The final map of AAV2L336C had a global resolution of 1.86 Å, with a largely homogeneous local resolution distribution within the core of the capsid shell that drops to >1.92 Å at the solvent exposed surfaces (Fig. 1c-d and Supplementary Table 1). Using this map, an atomic model was derived for the common region of the VP monomer, residues 226 to 735 (VP1 numbering), which was symmetry expanded by icosahedral matrix multiplication to produce the full 60-mer viral capsid. As in previously reported AAV structures, the VP1u, VP1/2 common sequence, and the N-terminus of common VP3 are disordered. The final model corresponded closely to the map, with good statistics (Supplementary Table 1), including a high EM-Ringer23 score of 8.49 and a correlation coefficient following model refinement in Phenix of 0.84924. The EM-Ringer score reflects accuracy of fit between model and map based on side-chain rotameric positions. At this resolution, the map is of sufficient quality to see numerous features with unprecedented detail (Fig. 2 and Supplemental Movie 1) including: 1) the backbone tracing with well-defined carbonyls; 2) explicit structure to most side-chains, rotamers, holes in aromatic residues, as well as prolines and associated puckers; 3) ordered solvent throughout the structure, including primary and secondary hydration shells; and 4) the distinct appearance of density for individual oxygens of carboxylate groups, which occasionally begin to show traces of H-bonding geometry.

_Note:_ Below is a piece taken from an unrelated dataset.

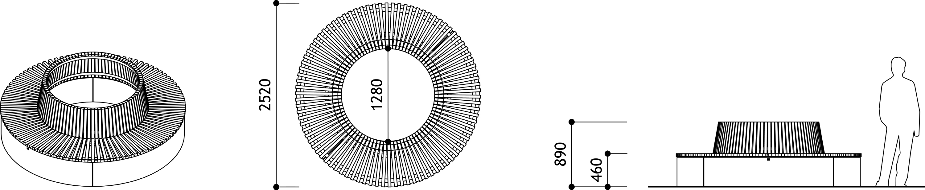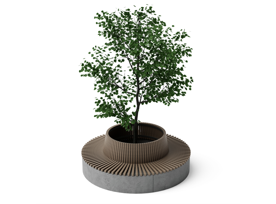 Уличная клумба из бетона K08 с элементами из термодревесины для комфортного сидения, обеспечивает необходимую защиту и поддержку деревьям на территории парка, сада или жилого комплекса.

Efforts to improve the AAV gene delivery system have focused on structure-function analysis of the viral life cycle and of engineered capsids to improve therapeutic efficacy. The 1.86-Å resolution structure of AAV2L336c represents the most accurately interpreted AAV capsid model thus far (Fig. 3). This particular variant also exhibits specific structural changes that are clearly captured in the density map, and these changes may be associated with infectivity defects (Supplementary Note 2 and Supplementary Fig. 7). High-resolution structural information can aid the annotation of: 1) water networks required to stabilize the capsid structure assembly and involved in its function; 2) the protonation states of acidic and histidine residues important for interactions in the endo/lysosomal pathway; 3) capsid interactions with the transcription machinery and during capsid assembly; and 4) precise receptor and antibody interactions. Details from such analyses can guide the engineering of AAVs at specific residues to eliminate interactions, such as those with pre-existing host immune system molecules, or improve function, such as specific tissue targeting. Notably, the number of known sites of interaction between the AAV ligand and host receptor/antibody far exceeds the number of experimentally derived AAV models. For this reason, the fact that high-resolution structures of AAV variants can be derived with as few as ~100 particles (Supplementary Fig. 5) is noteworthy and will accelerate the compilation of a comprehensive structural understanding of AAV:host interactions5.
The methods described herein provide a feasible route toward true atomic resolution in cryo-EM single-particle analysis. While we used a well-behaved sample for this work, the modest amount of time (3.5 days collection) and equipment (a base model Titan Krios and K2 Summit camera) used for this reconstruction would make our strategy generally applicable, even though the relative gains will differ by specimen (Supplementary Fig. 8). Correcting for the curvature of the Ewald sphere should be incorporated into reconstruction algorithms and may have particular relevance for improving resolution for samples collected at lower microscope accelerating voltage25. Finally, our sub-2 Å resolution reconstruction AAV2L336C also provides new insights into AAV life cycle and biology that will be invaluable for improving the effectiveness of AAV as a delivery vehicle in gene therapy applications.
Accession codes and deposition
All raw movie frames, micrographs, the particle stack and relevant metadata files will be deposited into EMPIAR. The electron density map will be deposited into EMDB. The model will be deposited into PDB.
Author Contributions
J.G. generated the baculovirus construct. J.A.H. purified the sample. D.L. and S.A. vitrified the sample and collected the data. Y.Z.T., D.L., and S.A. processed the data. D.L., M.M., Y.Z.T. and S.A. built and refined the model. M.A.M., R.J.S., T.S.B. and R.M. conceived the variant study. D.L. and Y.Z.T. conceived the high-resolution study. T.S.B., M.A.M. and D.L. supervised throughout the experiment. All authors read and contributed to the manuscript.
Conflict of Interest Statement
M.A.M. is a SAB member for Voyager Therapeutics, Inc., and AGTC, has a sponsored research agreement with AGTC and Voyager Therapeutics, and is a consultant for Intima Biosciences, Inc. M.A.M. is a co-founder of StrideBio, Inc. This is a biopharmaceutical company with interest in developing AAV vectors for gene delivery application. R.J.S. is the scientific founder of Bamboo Therapeutics, Asklepios Biopharmaceutics, Chatham Therapeutics, and Merlin. These companies also have interest in the development of AAV for gene delivery applications.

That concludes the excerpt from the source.